Databricks Delta Live Tables

Introduction

In this blog, we are going to explore Databricks Delta Live Tables. This feature is in public preview mode and used to build reliable and testable data processing pipelines which will perform a transformation on data without creating multiple Apache spark tasks.

Databricks Delta Live Tables

We can define the transformations on the top of data stored and Delta Live tables will take care of all the administrations, cluster management, and error handling. It helps data engineers to simplify the ETL data pipelines with pipeline development, testing features, and in-built monitoring features.

Features of Delta Live Tables
 

Simplified Data Pipelines

With the help of Databricks Delta, we can create end-to-end data pipelines to ingest, transform and process data. We don't have to worry about manually connecting the dependent data sources and it also supports both batch and streaming data sources.

Databricks Delta Live Tables

Supports in-built Automation Testing

While creating data pipelines with Databricks Delta Live Tables, it has in-built automation testing features which makes sure that quality data will be available for the downstream users to be used in Power BI and Machine Learning purpose.

Proactive monitoring

Data Brick's delta live tables provide in-built monitoring to track the executed operations and lineage.
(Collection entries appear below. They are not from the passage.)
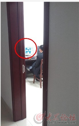 在網(wǎng)友拍攝的曝光圖片中,記者發(fā)現(xiàn)還有一名工作人員在玩電腦游戲。
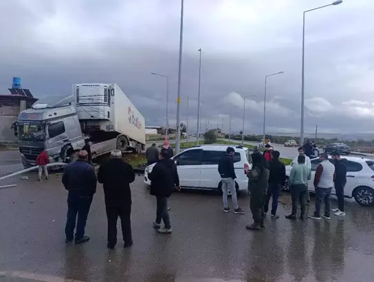 Reyhanlı ilçesinde önündeki kamyonete çarpmamak için manevra yapınca refüje çıkan TIR’ın şoförü hafif yaralandı.
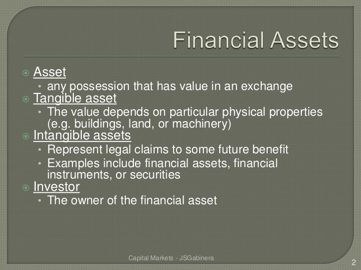 An asset is anything you own that adds financial value, as opposed to a liability, which is money you owe. What is a financial asset? In financial trading, the term asset relates to what is being exchanged on markets, such as stocks, bonds, currencies or commodities. Financial assets vs physical assets the main resemblance between financial and physical assets is that they both signify an economic resource that can be equities enable the invested corpus to multiply over a long period of investment through what is known as the magic of compounding. Financial assets refer to those assets which are in paper form, in simple words they are not tangible as they cannot be seen or touched rather they are in the form of documents specifying the ownership of the holder of such document.

It is also possible to easily recover from the failures and speed up the operational tasks while working with the data pipelines.

After understanding the overview of Databricks Delta Live Tables and its features, let's further deep dive into the actual implementation using Azure Databricks.

Read the records from the raw data store, using Delta Live Tables to clean the data and create a new table.

Step 1 - Create an Azure Databricks Notebook

import dlt
from pyspark.sql.functions import *
from pyspark.sql.types import *

json_path = "/databricks-datasets/stream.json"
@dlt.table(
  comment="The raw clickstream dataset, ingested from /databricks-datasets."
)
def stream_raw():
  return (spark.read.json(json_path))

@dlt.table(
  comment="Clickstream data cleaned and prepared for analysis."
)
def clickstream_prepared():
  return (
    dlt.read("clickstream_raw")
      .withColumn("click_count", expr("CAST(n AS INT)"))
      .withColumnRenamed("curr_title", "page_title")
      .select("page_title", "click_count")
  )

In this code, we are creating databricks delta live tables.

Step 2 - Create Azure Databricks Pipeline

Now, go to the jobs from the Databricks workspace UI, click on the pipeline tab and create the pipeline.

Concepts of Delta Table

Pipeline

It is the main component of Databricks Delta Table which is used to linked source data set with destination data set. We can either use SQL Queries or Python code to define the pipeline for Delta Table.

Queries

We can apply data transformations in Delta Table using queries.

Expectations

Data Quality and all relevant control checks can be defined in the expectations section. We can define expectations to keep the record or drop the record. It is also possible to stop the pipeline in case certain expectations don't match.

Pipeline Settings

It is also possible to set various configurations about the pipeline to create end to end automated pipeline. Pipeline settings are mainly in the JSON format and we can configure below,

  • Libraries
  • Cloud Storage
  • Other Python Package dependency
  • Spark Cluster Configuration

Datasets

There are mainly two types of pipeline datasets: Views and Tables,

Views - Views are similar to normal views in SQL which allows us to break complex queries.

Tables - We can create either complete tables or incremental tables.

Continuous and Triggered Pipeline

Delta Live tables support two types of triggers to run the pipeline. Triggered pipeline which will update the data based on the pipeline definition once. Continuous pipeline will continuously ingest and transform data based on the pipeline logic which will make sure that downstream consumers have data available and it is fully up to date.

Note
Delta Live Table can be created in python as well as SQL language. Delta Live Tables currently only supports updating data on the top of Delta Tables. We can't write multiple queries in the pipeline to update the same table.

Conclusion

In this blog, we showed how efficiently we can create end-to-end ETL pipelines with the help of Databricks Delta Live Tables including Data Quality and Validation control configurations, automation testing, and monitoring.